これまで、高品質なイントラクタを作るというタスクは、教師やコンテンツデザイナーを学ぶための労働集約的なプロセスのままだった。
本稿では,テキスト内学習をベースとした簡易な学習手法を提案する。
論文 参考訳(メタデータ) (2023-08-07T01:03:04Z) - Let the Model Decide its Curriculum for Multitask Learning [22.043291547405545]
モデルに基づくアプローチによって計算される難易度に基づく学習カリキュラムにトレーニングインスタンスを配置する手法を2種類提案する。
インスタンスレベルとデータセットレベルの技術は、それぞれのベースラインに対して平均4.17%と3.15%のパフォーマンス向上をもたらすため、強い表現をもたらすことを示す。
論文 参考訳(メタデータ) (2022-05-19T23:34:22Z) - Guiding the Growth: Difficulty-Controllable Question Generation through
Step-by-Step Rewriting [30.722526598633912]
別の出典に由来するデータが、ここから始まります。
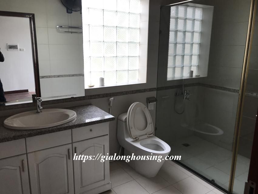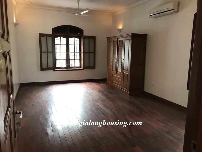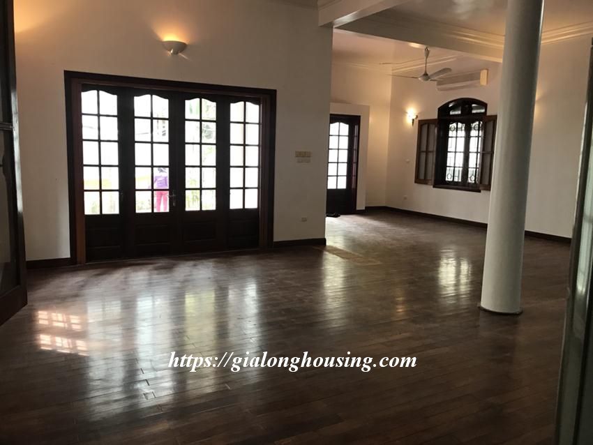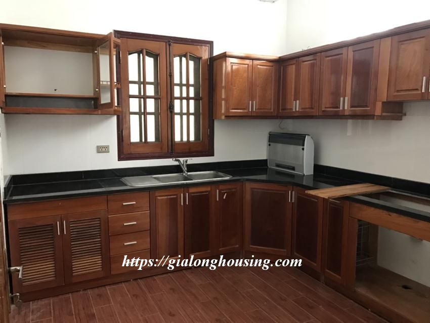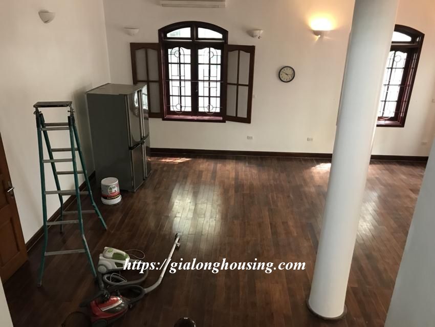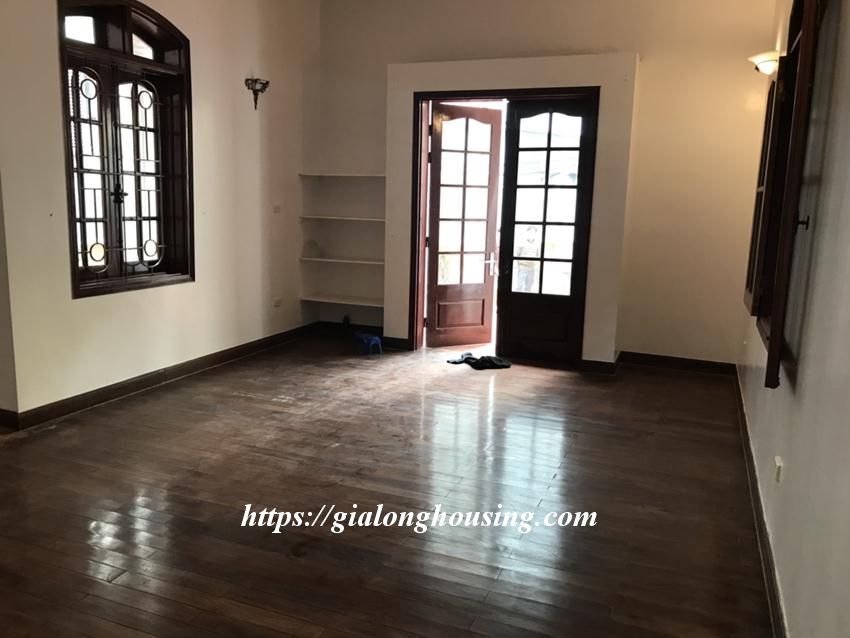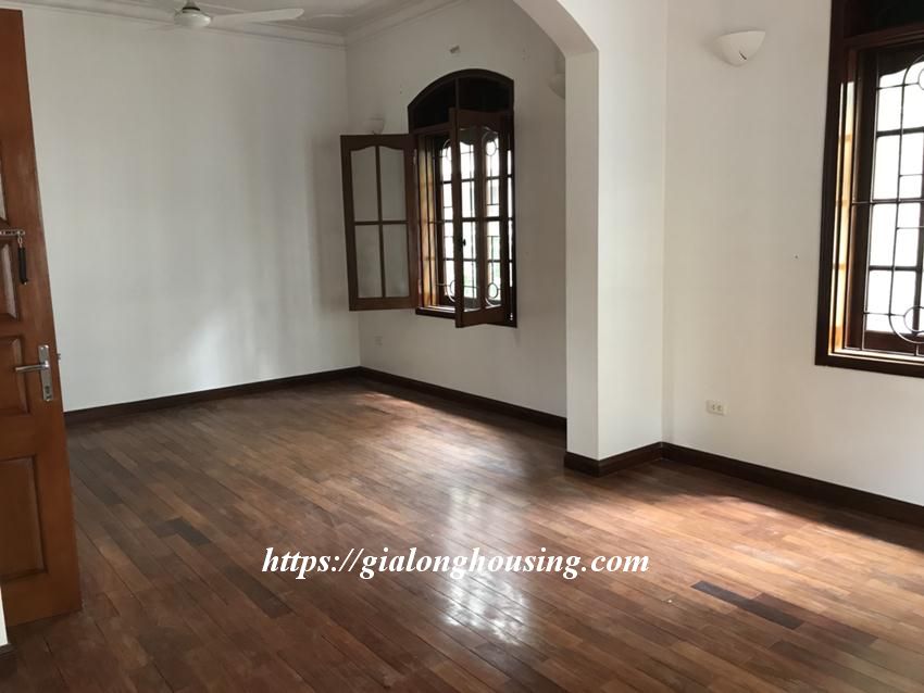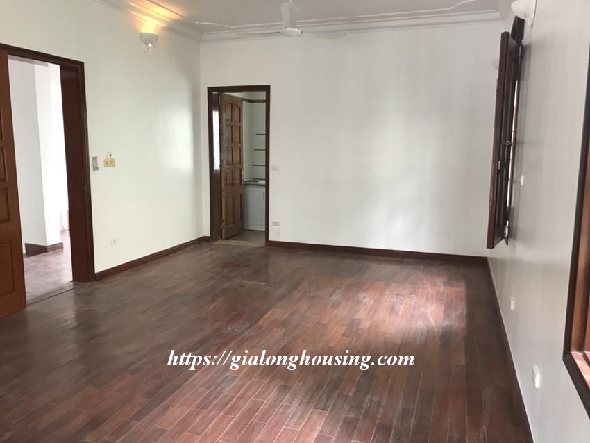 This unfurnished villa is located in lane 52 To Ngoc Van street, not far from West lake. The total land area is 240 sq m, the construction area is 120 sq m x 3 floors. The whole house is full of sunlight and fresh air. There are wooden floors, kitchen cabinet and bathroom facilities. The house has 4 bedrooms and 05 bathrooms, suitable for both home or office for rent.

質問生成システム(QG)は、生成した質問の論理をより強く制御するべきであると論じる。
本稿では,段階的な書き直しによる質問の難易度を段階的に向上させる新しい枠組みを提案する。
論文 参考訳(メタデータ) (2021-05-25T06:43:13Z)
関連論文リストは本サイト内にある論文のタイトル・アブストラクトから自動的に作成しています。
指定された論文の情報です。
本サイトの運営者は本サイト(すべての情報・翻訳含む)の品質を保証せず、本サイト(すべての情報・翻訳含む)を使用して発生したあらゆる結果について一切の責任を負いません。